Cloudflare Isn't Liable for Providing Services to Alleged Infringers-Mon Cheri Bridals v. Cloudflare
Internet Law

Cloudflare Isn’t Liable for Providing Services to Alleged Infringers-Mon Cheri Bridals v. Cloudflare

Cloudflare Isn’t Liable for Providing Services to Alleged Infringers-Mon Cheri Bridals v. Cloudflare

The plaintiffs claim copyright ownership in wedding dress designs. They also claim that knockoff retailers are infringing those rights. Frustrated by the whack-a-mole enforcement efforts against individual retailers, the plaintiffs sued Cloudflare for providing support services to them, including caching, content delivery, and security services. The district court grants summary judgment to Cloudflare.

The issue is whether Cloudflare materially contributes to the infringement. The court says “Simply providing services to a copyright infringer” isn’t enough. Instead, the service must “facilitate access to infringing websites in such a way that significantly magnifies the underlying infringement” or act as “an essential step in the infringement process.”

With respect to the caching/content delivery services, Cloudflare didn’t significantly magnify the infringements because there’s no evidence that faster load times increase the quantum of infringement. Similar, Cloudflare’s services weren’t an essential step in the infringement because infringements could still take place even if Cloudflare terminated its services.

The court reaches the same result for Cloudflare’s anti-DDOS service. The court suggests the results might be different if Cloudflare’s services hindered the rightsowner’s ability to find the infringer, but Cloudflare’s notice-and-notice practice sufficiently aids the rightsowner. This is consistent with the uncited Ninth Circuit ruling in ALS Scan v. Steadfast.
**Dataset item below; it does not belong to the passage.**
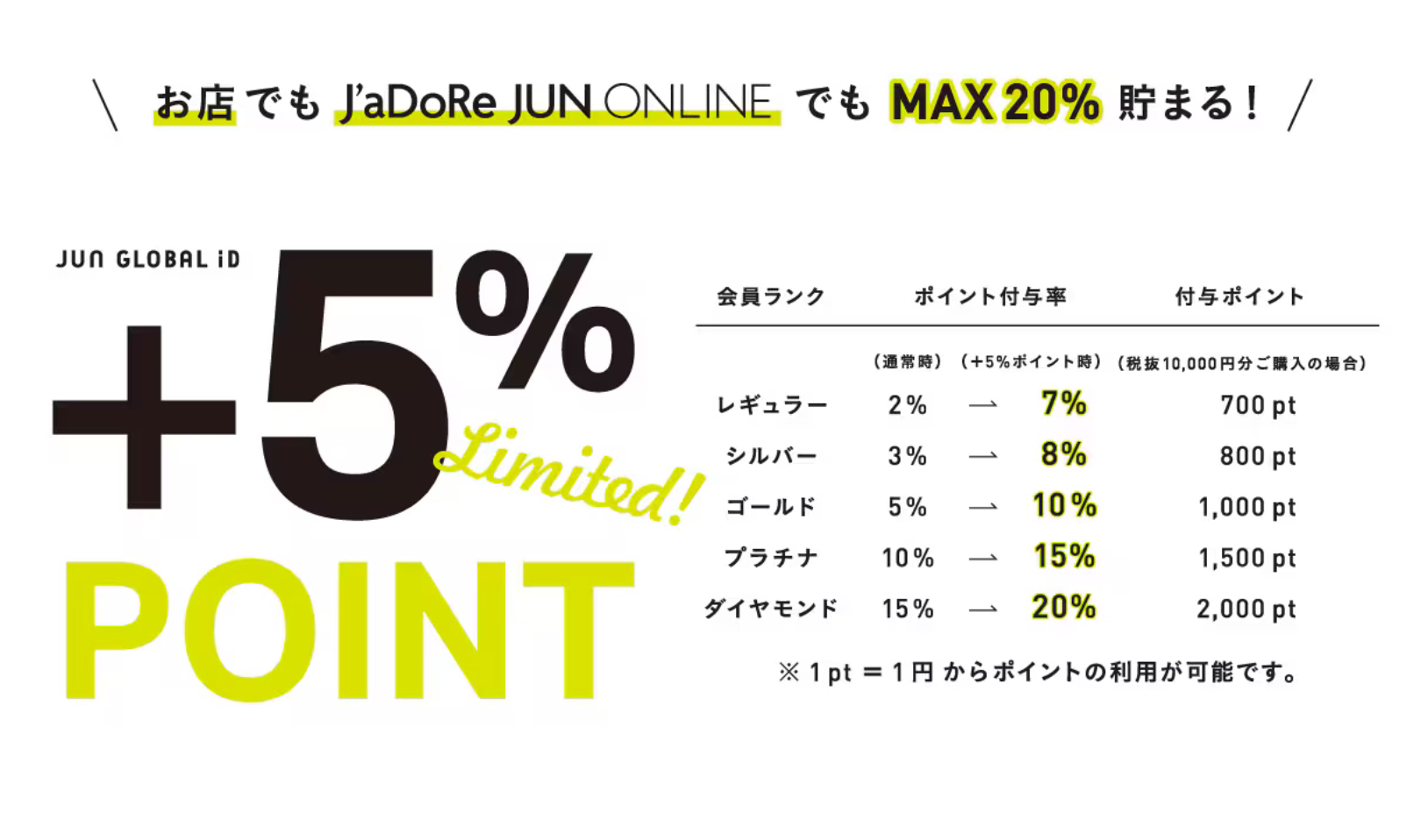During the period from 2/6 (Fri) to 2/8 (Sun), you will receive an additional 5% JUN GLOBAL ID points depending on the purchase amount of regular products and your membership rank!

This ruling has potentially significant implications for “tertiary” infringement claims. As depicted in the chart above, copyright owners are interested in suing the folks on the left (direct infringers), their service providers (the folks in the middle, the secondary infringers), and the vendors to the service providers (the folks on the right, tertiary infringers). Over the past couple of decades, we’ve seen copyright owners include more entities from the right column–as evidenced by this case, where the copyright owner basically sought a deep pocket to pay for the allegedly infringing activity of dozens of individual defendants. In other words, the copyright owner wanted one-stop-shopping for allegedly infringing activity across the Internet. The court rejected this expansive view of liability, essentially holding that Cloudflare wasn’t the proximate cause of any infringing behavior. If followed by other courts, that approach should help with other tertiary infringement claims.

Case citation: Mon Cheri Bridals, LLC v. Cloudflare, Inc., 3:19-cv-01356-VC (N.D. Cal. Oct. 6, 2021)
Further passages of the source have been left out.